* **WORK INSTRUCTIONS**: Beginning with the line that holds "You are getting", output every remaining line of the material below exactly, and include none of the pictures.

* **EXERCISE INPUT**:
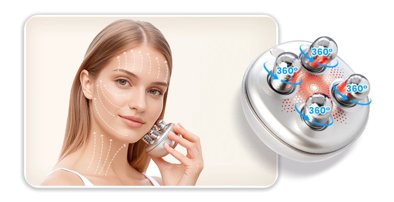 Four independent rollers rotate 360° to fit the contours of the face,
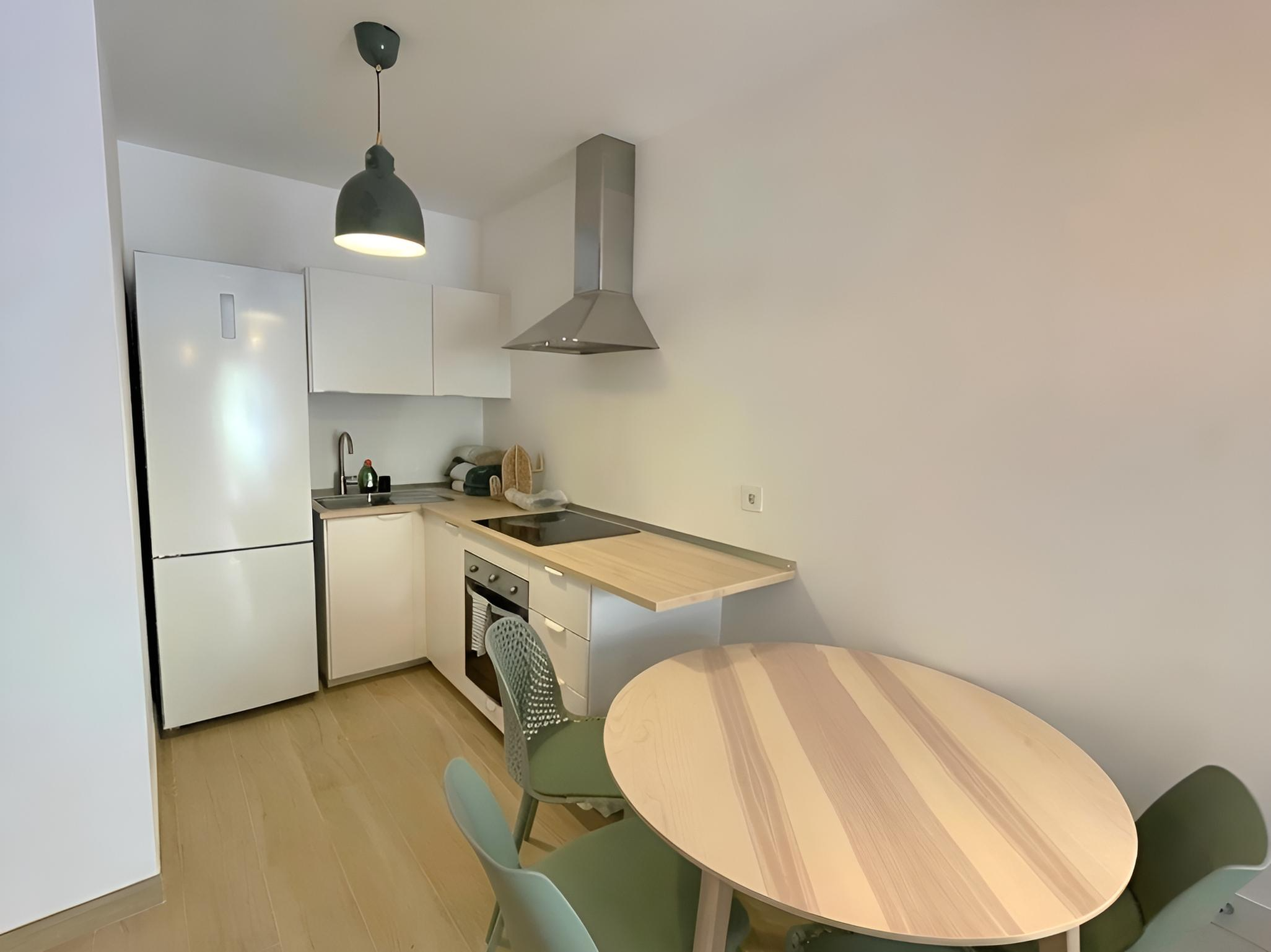 - Planta baja (36,59 m²): pequeña terraza en la entrada, salón-cocina integrado, baño completo y escalera de acceso a la planta superior
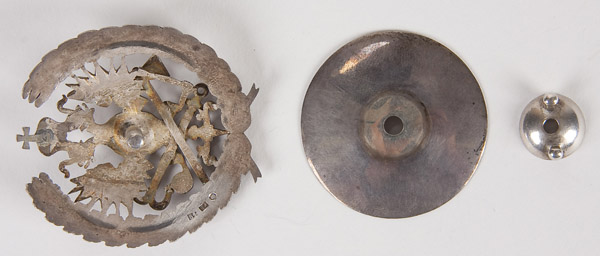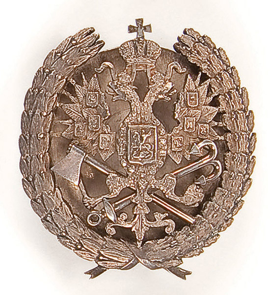 AN IMPERIAL RUSSIAN BADGE, marking the graduation from the Institute of Railway Engineers. Circa 1890’s. Hallmarked St. Petersburg, 84 silver standard and Latin makers mark FB, perhaps Fredrik Bjork. Screw back. 50 x 45 mm. Excellent condition. Reference: S.B. Patrikeev 1.1.12. p16.
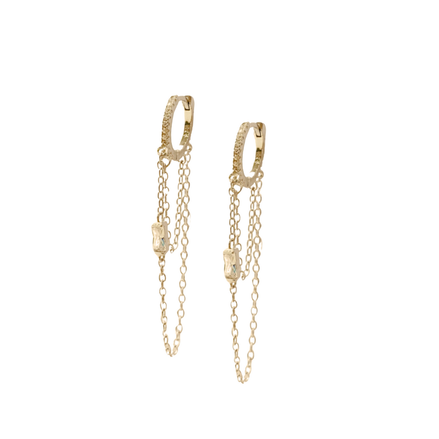 Mini huggie with radiant Cubic Zirconia charm details. Great to stack and build your ear stack!
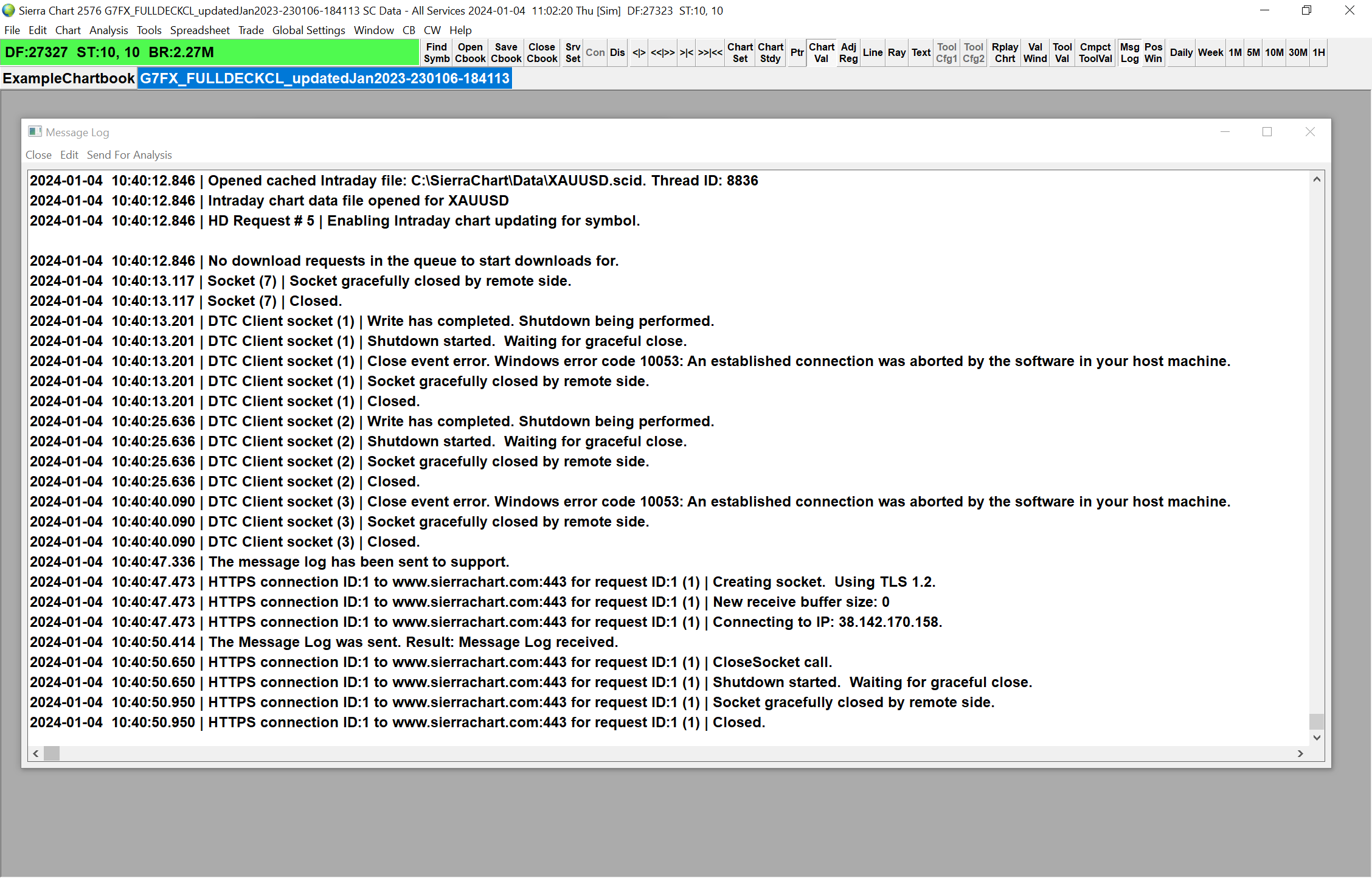You are getting a "Windows Error 10053". Refer to the following regarding this: Data/Trading Service Connection and Symbol Issues: 1.2. Network Communication or Server Problem For the most reliable, advanced, and zero cost futures order routing, use the Teton service: Sierra Chart Teton Futures Order Routing |
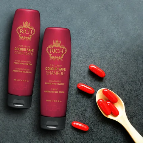 A fórmula de Rich Condicionador Protetor da Cor com óleo de argan, ácido hialurónico e biotina é ideal para cabelos secos e com coloração. Protege e prolonga a cor enquanto hidrata e fortalece o seu cabelo. Em particular o óleo de argan é rico em vitamina E, que protege o fio das agressões causadas pelas radiações UV e fontes de calor.

* **EXERCISE SOLUTION**:
You are getting a "Windows Error 10053". Refer to the following regarding this: Data/Trading Service Connection and Symbol Issues: 1.2. Network Communication or Server Problem For the most reliable, advanced, and zero cost futures order routing, use the Teton service: Sierra Chart Teton Futures Order Routing |
 A fórmula de Rich Condicionador Protetor da Cor com óleo de argan, ácido hialurónico e biotina é ideal para cabelos secos e com coloração. Protege e prolonga a cor enquanto hidrata e fortalece o seu cabelo. Em particular o óleo de argan é rico em vitamina E, que protege o fio das agressões causadas pelas radiações UV e fontes de calor.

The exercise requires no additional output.